In order to use this Python library to upload files to Pennsieve, please follow the instruction on installing and setting up Pennsieve agent, which could be found in the documentation.

Installation

To install, run:

    pip install -U pennsieve

To install specific previous dev version, run:

    pip install -U pennsieve==0.1.0.dev2 --extra-index-url https://test.pypi.org/simple

Contributions

To update gRPC python files, execute from the src folder:

    rm src/pennsieve/protos/agent_pb2*
    cd src
    python3.9 -m grpc_tools.protoc --python_out=. -I. --grpc_python_out=. pennsieve/protos/agent.proto

Notice, this command does not produce a valid agent_pb2.py file when executed for Python3.10 or formatted by black - it does not use reflection and is reported as error for Flake8.

To create a package and upload it to PyPI, first update the package version in the pennsieve2/init.py, then execute:

    python -m build
    # For testing:
    twine upload -r testpypi dist/*
    # For production:
    twine upload dist/*

Mapped Datasets

The client.map wrapper exposes the agent's mapped-dataset RPCs (map, pull, push, diff) as a small Python API. The four RPCs return as soon as the agent has accepted the work — pull and push then run in the background inside the agent — so client.map also ships two blocking helpers: wait_for_pull and wait_for_push.

client.map.map(dataset_id="N:dataset:...", target_folder="/data/foo")
client.map.pull("/data/foo/subfolder")
client.map.wait_for_pull("/data/foo", expected_relative_paths=[...])

client.map.push("/data/foo")
client.map.wait_for_push(expected_files=N, subscriber_id=os.getpid())

Timeouts

Both wait helpers use an idle timeout rather than a total-duration timeout — the deadline resets each time progress is observed, so a multi-hour single-file transfer is fine as long as the agent keeps making progress.
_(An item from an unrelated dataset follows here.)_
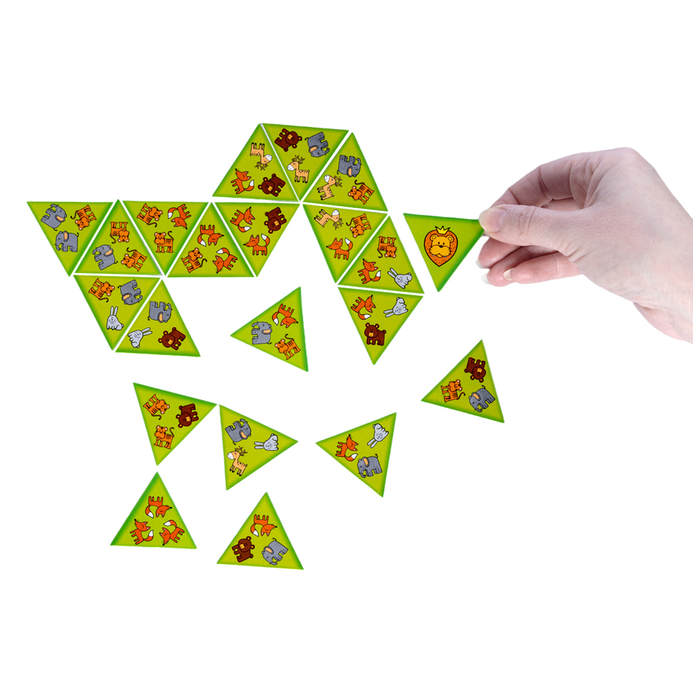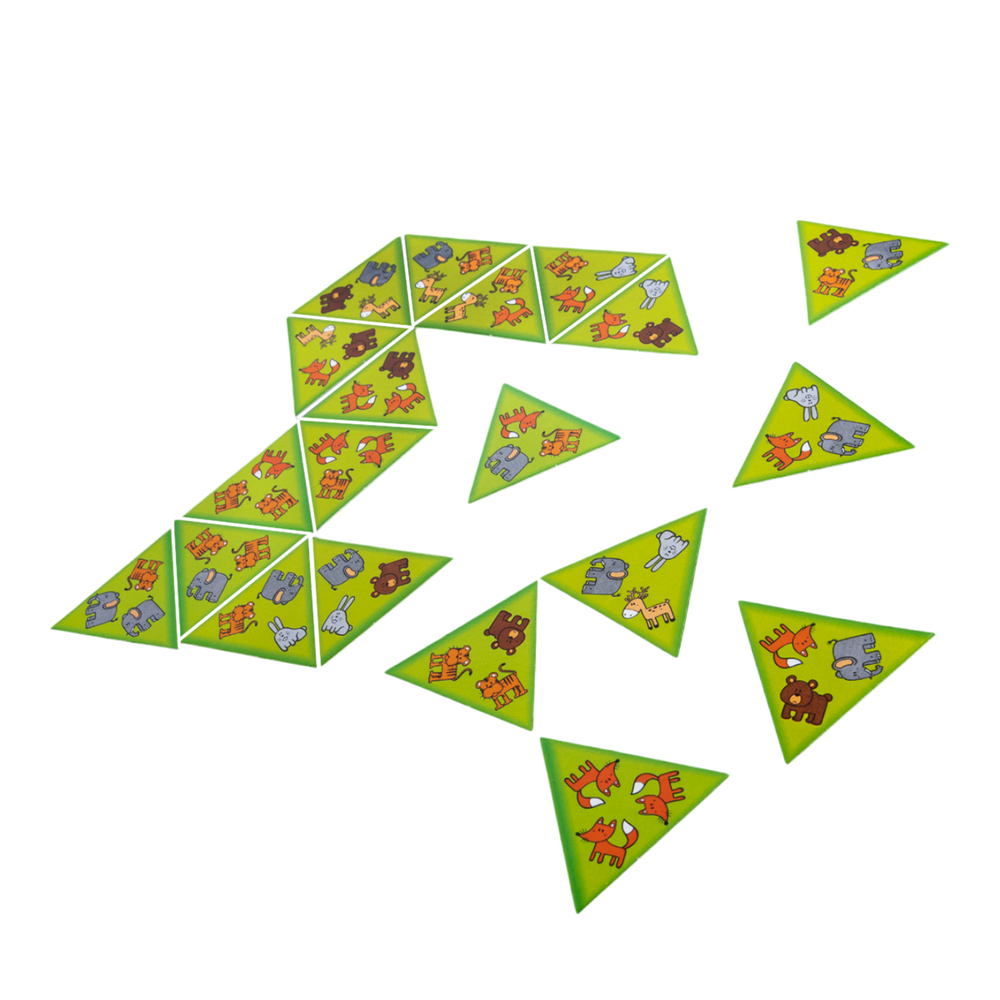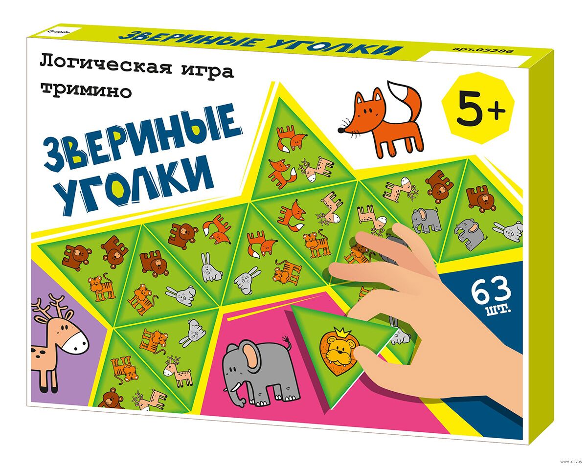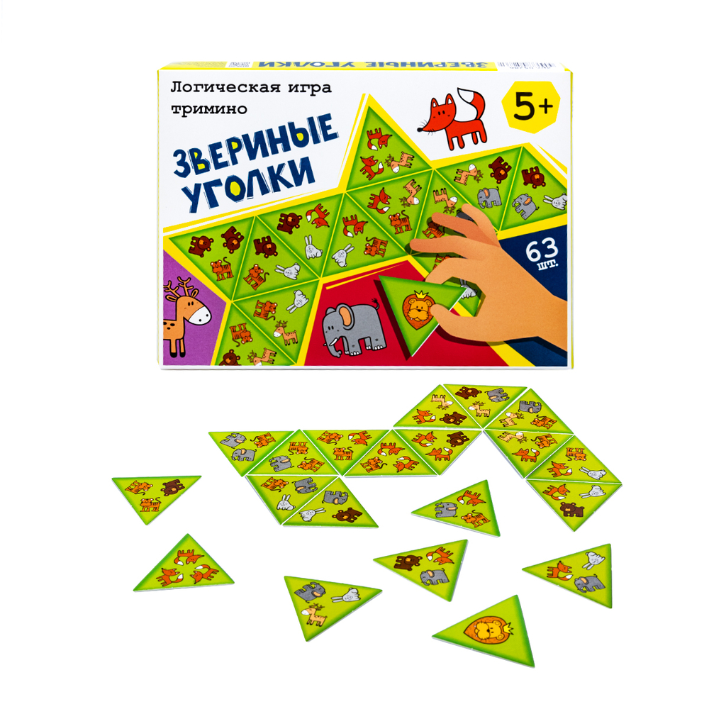 Логическая настольная игра для детей "Звериные уголки" – это захватывающее приключение для самых внимательных и сообразительных. Тримино – аналог домино с фишками треугольной формы. В наборе есть карточки с изображением разноцветных геометрических фигур.

You only hit a TimeoutError when the agent goes silent.

wait_for_pull — default idle_timeout=1800 (30 min)

  • Progress signal: a new file entry appears in .pennsieve/state.json, which the agent writes on each file's completion.
  • Why 30 min: the window has to cover the worst-case single-file download end-to-end, since there is no per-chunk progress for pulls.

wait_for_push — default idle_timeout=300 (5 min)

  • Progress signal: any UPLOAD_STATUS event (INIT / IN_PROGRESS / COMPLETE). The agent emits IN_PROGRESS on every S3 chunk read, so events stream continuously during healthy uploads.
  • Why 5 min: events are frequent during healthy uploads, so 5 minutes of silence indicates a real stall (network hang, agent wedge) rather than slow progress.

Override either default by passing idle_timeout=<seconds> when you know your transfer characteristics — e.g. pulls over a very slow link with large individual files, or tighter CI smoke-tests where you want to fail faster.

client.map.wait_for_pull(target_folder, idle_timeout=3600)  # 1 hour
client.map.wait_for_push(expected_files=N, subscriber_id=..., idle_timeout=60)  # 1 minute

Documentation

Client and command line documentation can be found on Pennsieve’s documentation website.

Development

This project uses Poetry to manage dependencies in pyproject.toml. To set up a development environment run

  poetry install

from the root directory to install the projects dependencies. Some IDEs (IntelliJ Idea for example) can create a Poetry Python environment as well.